# Task 4: Binary Classification - Cross-Validation

This notebook loads the preprocessed data saved by `1_consolidate_data.ipynb` and trains/evaluates a Logistic Regression model using K-Fold Cross-Validation.

Cross-validation provides a more robust estimate of the model's performance on unseen data compared to a single train-test split.

In [None]:
import pandas as pd
from sklearn.linear_model import LogisticRegression
from sklearn.model_selection import cross_val_score, StratifiedKFold
from sklearn.metrics import make_scorer, accuracy_score, precision_score, recall_score, f1_score
import numpy as np
import utils

df = utils.load_preprocessed_data() # Default path 'data/preprocessed_data.parquet'

In [None]:
# Convert target variable using utility function
y = utils.convert_target_variable(y_original)

# Separate train/test and features/target using utility function
X_train_scaled, y_train, X_test_scaled, y_test = utils.split_data_features_target(df)
y_train = utils.convert_target_variable(y_train)
y_test = utils.convert_target_variable(y_test)

In [None]:
# Separate features (X) and target (y) from the entire dataset
# Cross-validation will handle the splitting internally.
# Note: We are not using the 'split' column here as CV works on the whole dataset 
# (typically the training portion if it were pre-split, but here we use the full df from parquet).
X = df.drop(['Class', 'split'], axis=1) # Assumes 'split' column exists and is not needed for features.
y_original = df['Class'] # Get the original target column

# Convert target variable using utility function
y = utils.convert_target_variable(y_original)

print(f"\nFeatures shape for CV: {X.shape}")
print(f"Target shape for CV: {y.shape}")


# Perform Cross-Validation

We will use Stratified K-Fold cross-validation to ensure that each fold maintains the same proportion of classes as the original dataset, which is important for potentially imbalanced datasets.

In [None]:
# Instantiate the model
log_reg_cv = LogisticRegression(random_state=42, max_iter=1000)

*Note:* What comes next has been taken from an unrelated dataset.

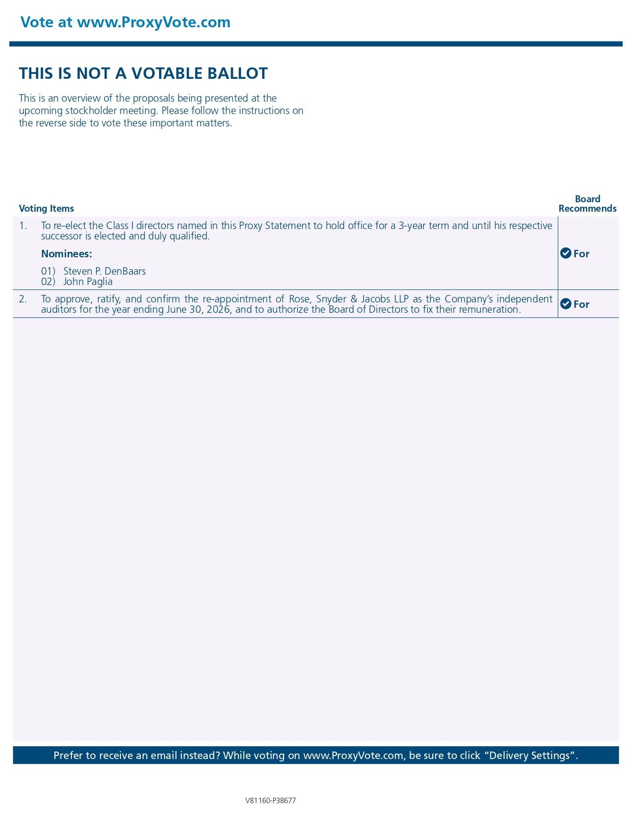 Vote at www.ProxyVote.com THIS IS NOT A VOTABLE BALLOT This is an overview of the proposals being presented at the upcoming stockholder meeting. Please follow the instructions on the reverse side to vote these important matters. Prefer to receive an email instead? While voting on www.ProxyVote.com, be sure to click “Delivery Settings”. For 1. To re - elect the Class I directors named in this Proxy Statement to hold office for a 3 - year term and until his respective successor is elected and duly qualified. Nominees: 1) Steven P. DenBaars 2) John Paglia For 2. To approve, ratify, and confirm the re - appointment of Rose, Snyder & Jacobs LLP as the Company’s independent auditors for the year ending June 30, 2026, and to authorize the Board of Directors to fix their remuneration. Voting Items Board Recommends V81160 - P38677

# Define the cross-validation strategy
# Using StratifiedKFold for classification tasks, especially if the target is imbalanced
cv_strategy = StratifiedKFold(n_splits=5, shuffle=True, random_state=42)

# Define scoring metrics
scoring = {
    'accuracy': make_scorer(accuracy_score),
    'precision': make_scorer(precision_score, zero_division=0),
    'recall': make_scorer(recall_score),
    'f1': make_scorer(f1_score)
}

# Perform cross-validation for multiple scores
print("Performing 5-fold cross-validation...")
cv_scores = {}
for metric_name, scorer in scoring.items():
    scores = cross_val_score(log_reg_cv, X, y, cv=cv_strategy, scoring=scorer)
    cv_scores[metric_name] = scores
    print(f"Scores for {metric_name}: {scores}")
    print(f"Mean {metric_name}: {np.mean(scores):.4f} (+/- {np.std(scores):.4f})")
    print("---")

print("Cross-validation complete.")

# Interpretation

The results above show the performance for each of the 5 folds and the mean (+/- standard deviation) across the folds for accuracy, precision, recall, and F1-score.

- **Mean Score:** Gives an average estimate of the model's performance.
- **Standard Deviation:** Indicates the variability of the performance across different folds. A lower standard deviation suggests more consistent performance.